Мужика от этого успокоения икота одолела. Стало жаль самого себя. И почему-то тоска напала.
— Чего скис, Тип! Ты давай, набивай пузо! На пустое - ни хрена не сможешь вкалывать.
Мужик потянулся за чаем. Кружка выпала из рук, кипятком ошпарил колено.
— Лопух приложи. За ночь пройдет, - посоветовал бугор и спросил: - В полицаях долго кантовался?
— Полтора года. Потом сбежал. От своих и немцев.
— Чего ж так?
— Наши наступать стали. Я узнал и ходу. А когда война откатилась от наших мест, меня поймали. И все...
— Чего в полицаи подался? Жрать хотел жирно?
— Какой там жрать? У меня отца раскулачили в этом селе. Коммунисты. Босяки голожопые. Всю живность с подворья увели, кроме собаки. Зерна на посев, картошку на семена не оставили. Подчистую. Даже хлеб из печи забрали. А нас пятерых бросили с голоду сдыхать. Мать в ту зиму умерла. А отца забрали. Так и не сыскал его следов. Ну вот и вернулся я в село. В войну. Сам к немцам пришел. Сказал все. И о том, что скрылся от мобилизации. Что всех коммунистов знаю в морду. И за полгода сыскал каждого, кто мою семью ограбил. Всех своими руками к стенке ставил. А детвору - в Германию. Чтобы, выросшая, добила бы выживших нечаянно своих же родственников.
— Вон оно что! А я думал, что с жиру за куском погнался, - покачал головой Шмель.

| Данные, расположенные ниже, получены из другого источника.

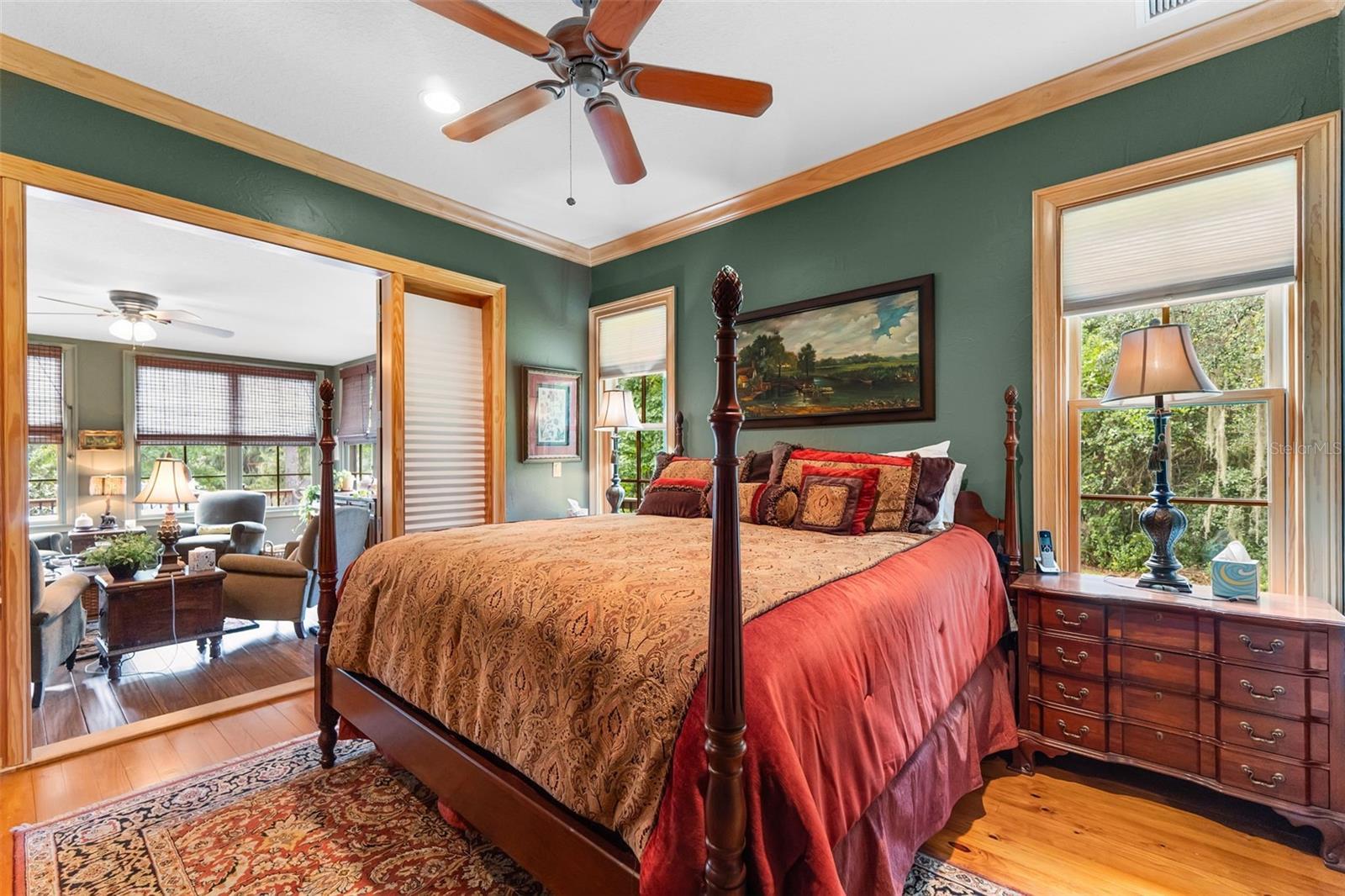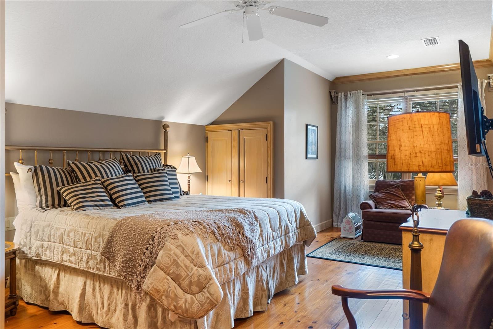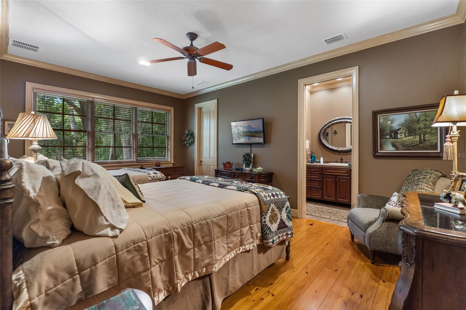 - Ceiling Fans(s), Crown Molding, Eat-in Kitchen, High Ceilings, Solid Wood Cabinets, Stone Counters, Walk-In Closet(s)

— Твою семью ограбили? А только ли ее? У меня троих сыновей в родном доме, где родились, всех уложили. Дочку ссиловали. Бабу повесили. Меня измордовали. Заставили смотреть на зверство ихнее. Чтоб с горя я подох. Да вот не вышло у них это. Не свихнулся даже. Хотя три дня связанный валялся в доме. Покуда родня ночью прийти насмелилась. Развязали. Уйти уговорили из села. Я ушел. За границу. Вернулся с немцами. Что же, я должен был руки убийцам целовать, по-твоему? - побелел лицом проснувшийся старик и продолжил: - Хлеб посеять можно, хозяйство - нажить, здоровье - поправить. А вот детей с могилы не поднимешь. Я не за зерно, не за корову и свиней, за детей своих отомстил. Всем! За испозоренную дочь, какую скопом силовали. Комсомольцы, чтоб их... А ведь когда ловил их, руки целовали, сапоги. Прощения просили, сдыхать не хотели. Молили о пощаде. А они моих сынов пожалели? С чего ж я их щадил бы? За что? Семья была! А сиротой на весь свет оставили. И я не простил. Даже когда матери этих иродов ко мне пришли, тоже не стал слушать, а сделал, как со мной. На их глазах кончал, - трясло старика от воспоминаний. - Раздевал догола серед села. На лютом холоде. И хлестал их кнутом до костей. Покуда сплошной лепешкой не становились. Иных, кто над дочкой издевался, на куски пустил. Изрубил топором, как туши разделывал. И к ногам тех, кто их на свет произвел... Всякому своего жаль. Они меня зверем звали. Сами таким сделали. Чего ж на меня обижаться было? Иль себя не узнали? - усмехнулся старик. - Я ни о чем не жалею. Свое пожил. Были радости. Когда-то. В основном - горе. Но и его одолел. Отплатил всем обидчикам. За свое. И повторись, то же самое утворил бы. Меня потому и не расстреляли, что я не за харчи и скот, за детей мстил. Мне политика без нужды. Я в ней не смыслю. И за нажитое не держался. И немец мне до задницы был. Свое болело. Потому, когда судили меня, вся деревня подтвердила, что не брешу я.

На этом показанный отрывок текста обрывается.